In the aftermath of this enormous culture shock, their society could no longer sustain itself. By the mid-1820s, the few Pimungans left had migrated or were moved to the mainland. The Pimungans, along with other Native American groups that were in the sphere of influence of Mission San Gabriel, came to be referred to in the European community as Gabrielinos. There are people living in the Southern California area today who have Gabrielinos among their ancestors. Some are actively involved in researching and preserving their traditional culture.
The Pimungans of Santa Catalina Island paddled out to greet the Spanish galleon that bore the explorer Juan Rodriguez Cabrillo to their shores on October 7, 1542. Just 50 years after Columbus first sailed into the Western Hemisphere, the Viceroy of New Spain (Mexico) had authorized an expedition up the coast of California in search of a passage to the Far East. The Pimungans were invited aboard ship and gifts were exchanged. It is not known which cove the Spanish ship anchored in. Cabrillo, of course, claimed the Island for the King of Spain. The visit was duly noted in the ship's log and the Island was given the name San Salvador, after Cabrillo's ship. Cabrillo sailed on up the coast after about half a day.

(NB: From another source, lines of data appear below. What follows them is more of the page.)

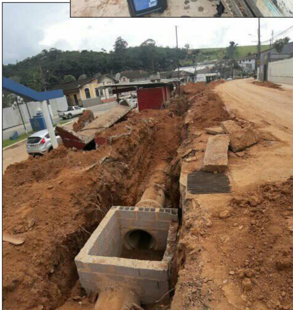
■ Canalização e construção de caixas coletoras de captação de águas pluviais entre as ruas Prefeito Oliveira Souza e Dr. Melo Viana
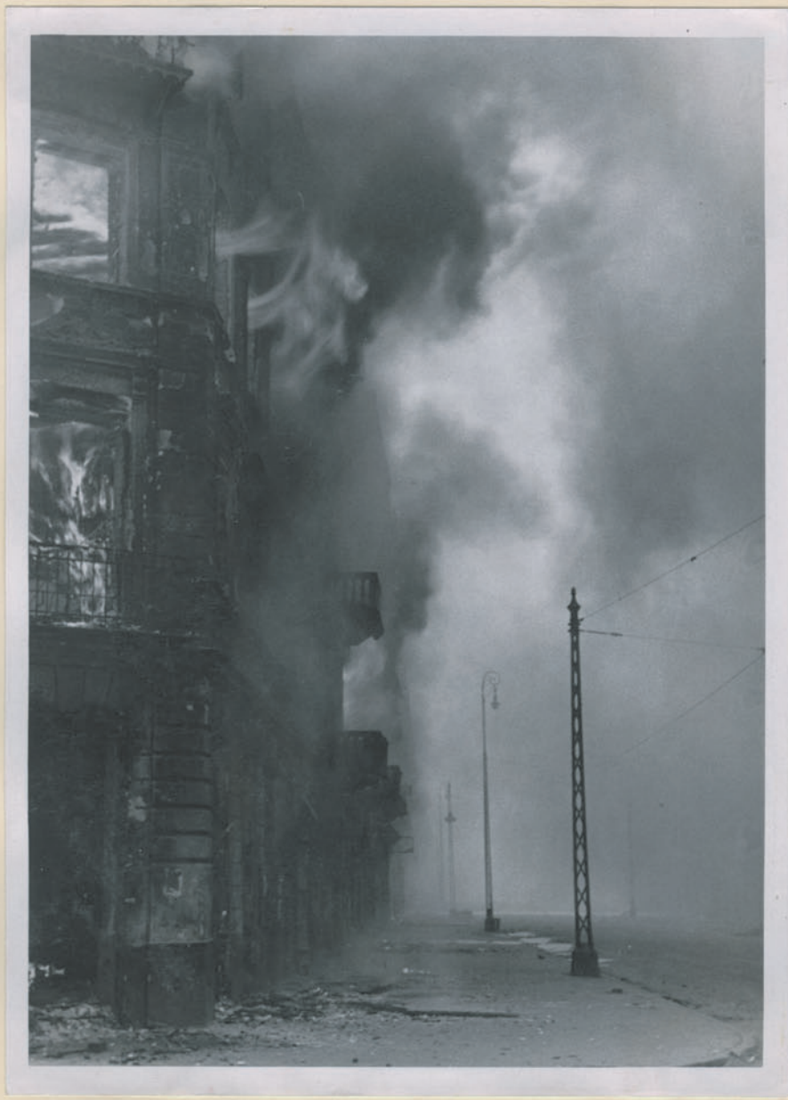
— Ein Bombensturz wird verurteilt. —

Dok. N. 84/208 x - Lns. 4520
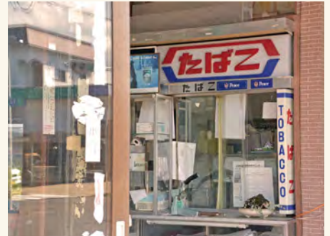
#TOBACCOの対面販売時代が懐かしい
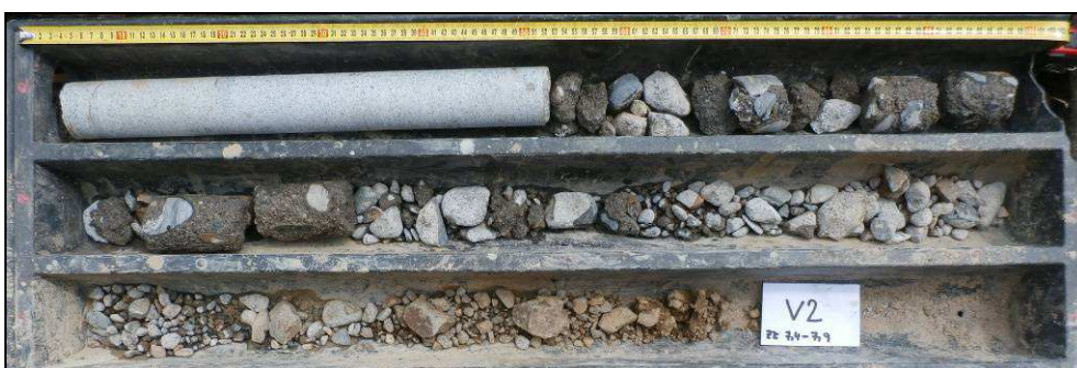
Obr. č. 3 - diagnostický vrt V2
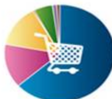
تجارت و ابزار 234560
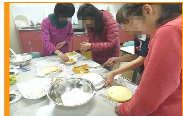
生クリームを丁寧に塗ります。

火・土デイケアでは、 24日イブの日にクリスマス会がありました。初めてのクリスマス会！という方が多く、前回参加したメンバーが、ケーキ作りの工程など丁寧に教えていました。見た目も味も最高のケーキが完成！皆でコーヒー・紅茶を飲みながら美味しく頂きました。クイズ、ビンゴゲームで盛り上がった後は、賞品のプレゼントを選びました。今年の景品は、気に入ってもらえたでしょうか。
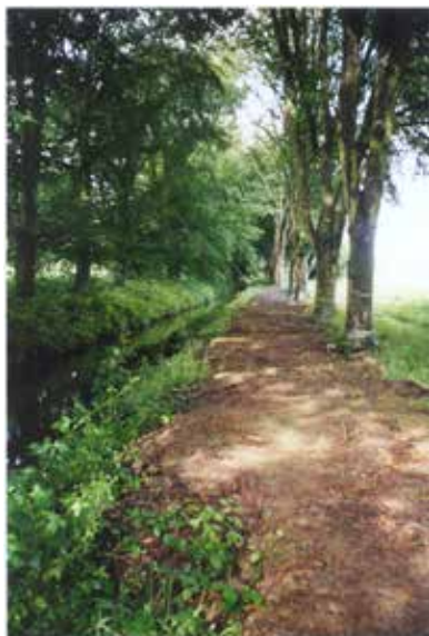
Rigole du Boulet

De plus les écluses de Villemorin et de la Ségerie sont équipées de doubles portes pour éviter en cas d'avarie la vidange de cette eau très précieuse.
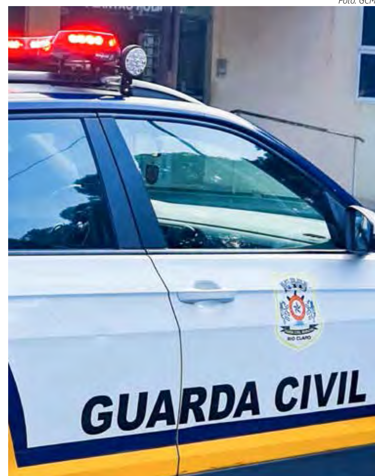
Caso aconteceu na madrugada de terça-feira em Rio Claro

A autoridade ratificou a prisão em flagrante pelo crime de roubo, e o suspeito foi recolhido à carceragem local, onde permanecerá à disposição da justiça.
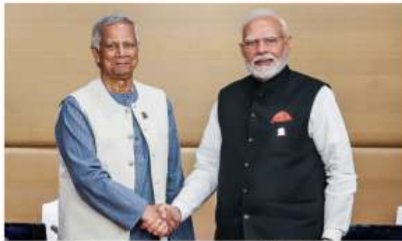
Prime Minister Narendra Modi meets Bangladesh Chief Adviser Muhammad Yunus, in Bangkok on Friday.

While both leaders raised contentious issues – including India's call for the protection of minorities in Bangladesh, Dhaka's demand for the extradition of former Bangladesh PM Sheikh Hasina, and border security issues – during the meeting, they met on cordial terms and exchanged commitments to bilateral ties. Bangladesh will host the BIMSTEC summit next year, and Mr. Modi congratulated Mr. Yu-
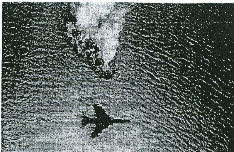
Perspektivet uppifrån. Amerikansk bombplan sänker nordvietnamesiskt krigsfartyg 1972.

Den dagen i Hai Phong stod alltså Lien – överväldigad av sin smärta och bitterhet över de amerikanska bombningarna – tillsammans med den upprivne krigsveteranen, som hade deltagit i bomb-

Except for the possible occasional sighting of the yearly Manila Galleon sailing down the coast on its return to New Spain from The Philippines, the Pimungans were left in peace until 1602. On November 24, the eve of St. Catherine's Day, the ship of the second Spanish explorer, Sebastian Viscaino, sighted the Island. Viscaino renamed it Santa Catalina in honor of Saint Catherine. His party stayed a day or two longer than Cabrillo and explored a bit on foot before sailing on. An Augustinian friar with the expedition said the first Catholic Mass on Santa Catalina. Relations with the Pimungans were amicable, although the Islanders became distressed when the sailors shot some Ravens, which held a special place in their world.
The Pimungans began to feel the Spanish influence shortly after a series of Missions were built along the coast, starting in 1769, when Spain began to fear the encroachment by the Russians and English. No mission was built on the Island itself, but the Pimungans began to have other visitors. A staunch believer in the prevailing Mercantilist Theory, Spain did not allow its colonies to trade with foreigners. However, sea otter were plentiful around the Channel Islands and Russian and American sea otter hunters were eager to obtain their pelts, which brought high prices in China. By 1805, Russian, American, and Aleut otter hunters began appearing in Island waters in defiance of the Spanish government. The Spaniards did not have enough ships to patrol their territory, so the hunters were able to camp undetected and hunt.
Yankee and English merchant ships soon began to appear as well, having sailed all the way around The Horn of South America laden with manufactured goods. They knew that the government of New Spain did not keep the California outposts well supplied and that the Friars and townspeople would often trade leather and tallow and even otter pelts for manufactured items although it was against the law.
When New Spain revolted from its mother country and became Mexico in 1820, California became a province in the new country. The Mexican government allowed trade with foreigners but levied a tariff on all goods imported into the country. (As there was no property or income tax at the time, this was their primary means of raising revenue for running the government.) However, the Mexican government still did not have enough ships to patrol the California coast.
Smugglers would put part of their cargoes ashore at Santa Catalina and then appear at the customs port to pay duty on the remaining cargo. They would then receive permission to trade up and down the coast--which they did, coming back to Catalina to replenish their stock with undeclared goods. Several smugglers blatantly set up warehouses on the Island and were admonished and fined by the Mexican authorities. The trade was still leather and tallow (and otter skins while the supply lasted) for manufactured goods. The leather and tallow was taken back to the East Coast or England to be turned into manufactured goods and perhaps journey around The Horn again.. By this time, the surviving Pimungans had left the island.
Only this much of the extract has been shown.